Recent advancements in the Neural Radiance Field (NeRF) have enhanced its capabilities for novel view synthesis, yet its reliance on dense multi-view training images poses a practical challenge, often leading to artifacts and a lack of fine object details. Addressing this, we propose ARC-NeRF, an effective regularization-based approach with a novel Area Ray Casting strategy. While the previous ray augmentation methods are limited to covering only a single unseen view per extra ray, our proposed Area Ray covers a broader range of unseen views with just a single ray and enables an adaptive high-frequency regularization based on target pixel photo-consistency. Moreover, we propose luminance consistency regularization, which enhances the consistency of relative luminance between the original and Area Ray, leading to more accurate object textures. The relative luminance, as a free lunch extra data easily derived from RGB images, can be effectively utilized in few-shot scenarios where available training data is limited. Our ARC-NeRF outperforms its baseline and achieves competitive results on multiple benchmarks with sharply rendered fine details.

Figures (10)

• Figure 1: Comparison with other baselines. Our ARC-NeRF achieves superior quality of fine details and textures to other state-of-the-art methods by using our Area Rays equipped with an adaptive high-frequency regularization. The last two rows of the figure indicate the types of ray augmentation schemes and frequency regularization methods, respectively.

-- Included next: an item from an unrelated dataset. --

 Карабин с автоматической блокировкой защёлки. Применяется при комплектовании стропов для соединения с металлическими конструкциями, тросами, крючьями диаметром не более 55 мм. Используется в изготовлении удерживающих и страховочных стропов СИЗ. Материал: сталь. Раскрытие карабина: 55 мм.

• Figure 2: Comparative overview of ray augmentation techniques. In contrast to other augmentation strategies ((b), (c)), where each additional ray corresponds to a single unseen view, our Area Ray (d) encompasses a wider area of unseen views, thereby boosting the augmentation's efficacy. Technically, the rays are spanned over the object surface as used in the typical NeRF's volume rendering technique, but we simplify the illustration for easy comparison between the methods. Kindly refer to \ref{['fig:hg_generation']} for a more detailed description. The blue and red rays indicate the original and augmented ray, respectively.

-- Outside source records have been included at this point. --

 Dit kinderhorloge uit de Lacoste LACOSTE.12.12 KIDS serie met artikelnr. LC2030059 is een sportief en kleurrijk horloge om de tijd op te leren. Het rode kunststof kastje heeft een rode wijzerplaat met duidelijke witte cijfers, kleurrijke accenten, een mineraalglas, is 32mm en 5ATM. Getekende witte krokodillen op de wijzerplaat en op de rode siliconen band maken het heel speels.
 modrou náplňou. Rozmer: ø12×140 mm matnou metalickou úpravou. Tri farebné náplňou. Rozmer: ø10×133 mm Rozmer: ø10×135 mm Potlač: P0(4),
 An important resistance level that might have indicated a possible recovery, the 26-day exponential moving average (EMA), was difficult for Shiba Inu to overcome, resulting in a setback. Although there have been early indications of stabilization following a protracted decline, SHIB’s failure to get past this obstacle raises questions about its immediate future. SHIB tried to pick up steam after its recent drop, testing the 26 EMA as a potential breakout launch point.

• Figure 3: Area Ray generation process. (a) First, to derive $\tilde{\sigma}^2_\rho$, we reparameterize the original metric distance $t$ as $\tilde{t}$. We shift $t_1$, i.e. starting point of a ray along a z-axis, to the estimated object surface $\mathbf{p}_s$, so that our proposed Area Ray is symmetrically constructed around $\mathbf{p}_s$, i.e.$\tilde{t}_{s-i} = \tilde{t}_{s+i}$ and it leads to $\boldsymbol{\tilde{\Sigma}}_{s-i} = \boldsymbol{\tilde{\Sigma}}_{s+i}$. Note that $\tilde{t}$ is used only for $\tilde{\sigma}^2_\rho$. (b) Using the trigonometric function, we compute the base radius of Area Ray $\tilde{\rho}$. As a result, our proposed Area Ray $\mathbf{\tilde{r}}$ is featurized to cover the unseen view area between the original ray and its reflection ray. The blue dotted ray denotes the reflection ray of $\mathbf{r}$.
• Figure 4: Comparison of fine details against FreeNeRF over the training phase. Compared to FreeNeRF which forcibly masks the high-frequency spectrum in the early training phase, ours adaptively regularizes the high-frequency components of additional ray samples based on the target pixel photo-consistency (i.e. the angle between the original ray and Area Ray) during the whole training process. As a result, our ARC-NeRF already achieves sharper fine details at 25K iteration than the fully trained FreeNeRF.
• Figure 5: Comparison of our ARC-NeRF against multicasting strategy on DTU 3-view. Our ARC-NeRF outperforms FlipNeRF in all scenarios by a large margin. The training time per scene is measured using the same GPU, iterations, and batch size. The size of circles is proportional to $\kappa$, i.e. the number of augmented rays per original ray.